Pyramid Transition Matrix - Practice Coding Problems

Pyramid Transition Matrix - Problem

Imagine you're an ancient architect tasked with building a sacred pyramid using colored stone blocks. Each block has a unique color represented by a single letter (A, B, C, etc.).

The pyramid follows strict architectural rules:

Each level has one fewer block than the level below it
Blocks are perfectly centered on the level beneath
Most importantly, only specific triangular patterns are allowed by the ancient building codes

You're given:

bottom: A string representing the bottom row of blocks (e.g., "AABA")
allowed: A list of 3-character strings representing valid patterns (e.g., ["ABC", "ABD", "BAC"])

Each pattern like "ABC" means: if you have block 'A' on the left and block 'B' on the right at the bottom, you can place block 'C' on top of them.

Goal: Determine if you can build the complete pyramid from bottom to top (ending with a single block) such that every triangular pattern used is in the allowed list.

Return true if the pyramid can be completed, false otherwise.

Input & Output

example_1.py — Simple Valid Pyramid

$ Input: bottom = "AABA", allowed = ["ABC", "ACA", "CAA", "AAB"]

› Output: true

💡 Note: We can build: AABA → ACA → AA → A. First level: A+A→A (AAB), A+B→C (ABC), B+A→A (not needed).
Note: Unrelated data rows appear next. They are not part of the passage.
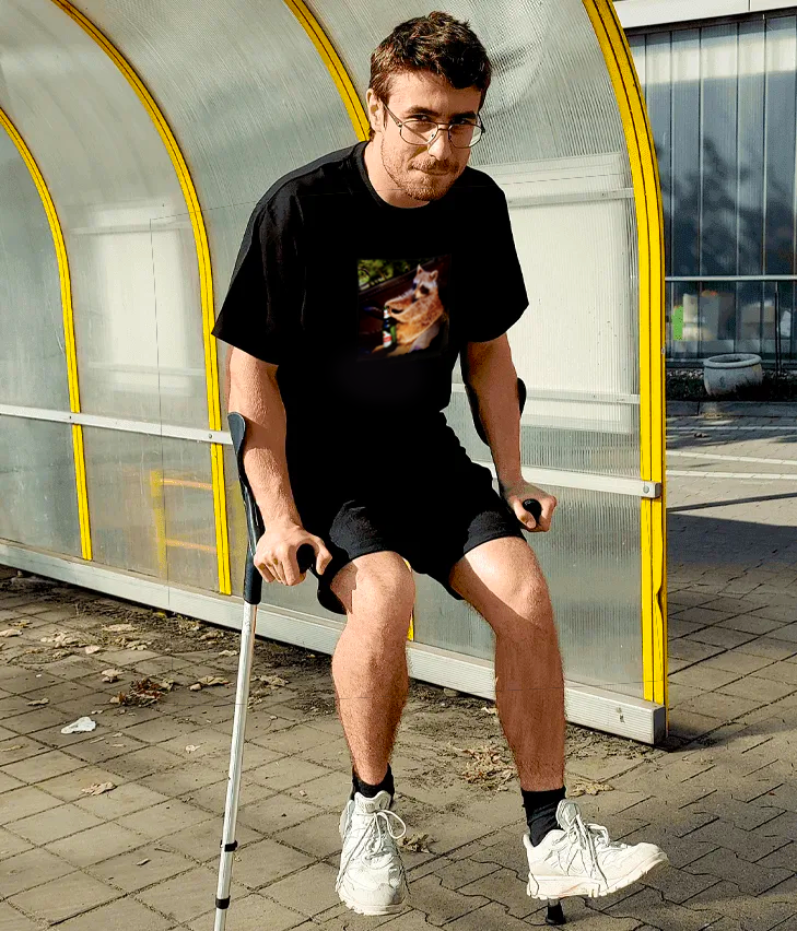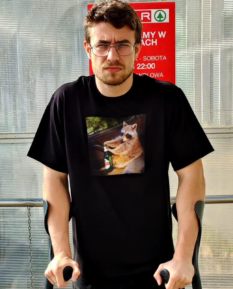 Model ma na sobie koszulkę rozmiar L (wzrost: 183cm, budowa: chudy byk, kule ortopedyczne ilość: 2)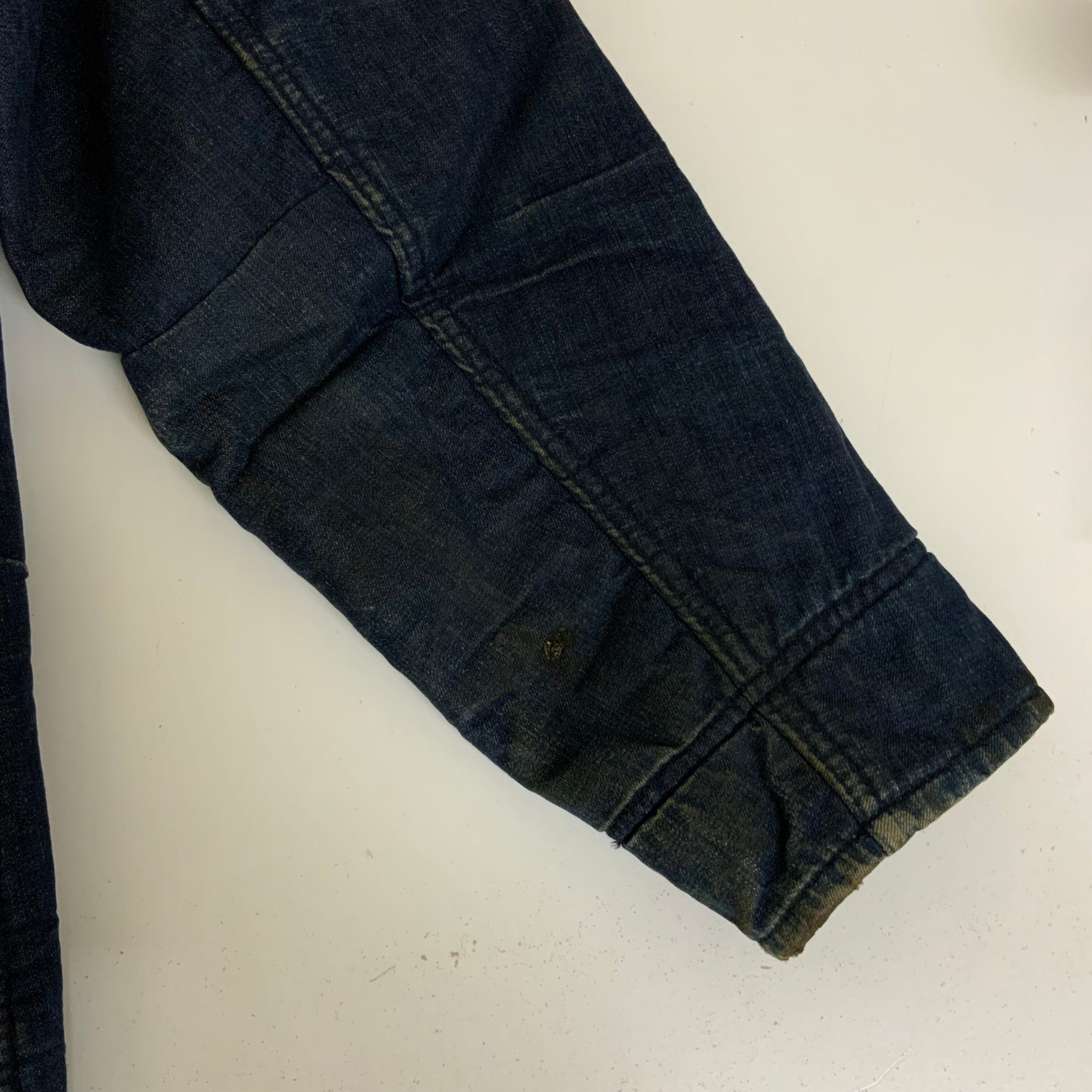 そでにペンキ汚れなどあり色濃い目の雰囲気系ヴィンテージカバーオールです。お直しがこし付近にあります。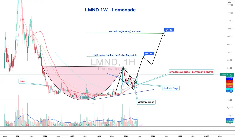 Lemonade Inc. (LMND) уверенно развивает импульс после пробоя модели чашка с ручкой, где «ручка» оформилась в виде сжатого бычьего флага. Пробой произошёл в районе $32, и с тех пор актив набирает обороты без значимых коррекций — цена уже в зоне $42.42, демонстрируя сильную динамику в рамках подтверждённого тренда.

Second level: A+C→A (ACA). Third level: A+A→A (AAB). Success!

example_2.py — No Valid Path

$ Input: bottom = "AABA", allowed = ["ABC", "BAC"]

› Output: false

💡 Note: Starting with AABA, we need patterns for AA, AB, and BA pairs. We have ABC (A+B→C) and BAC (B+A→C), but no pattern for AA. Cannot build the first level up from bottom.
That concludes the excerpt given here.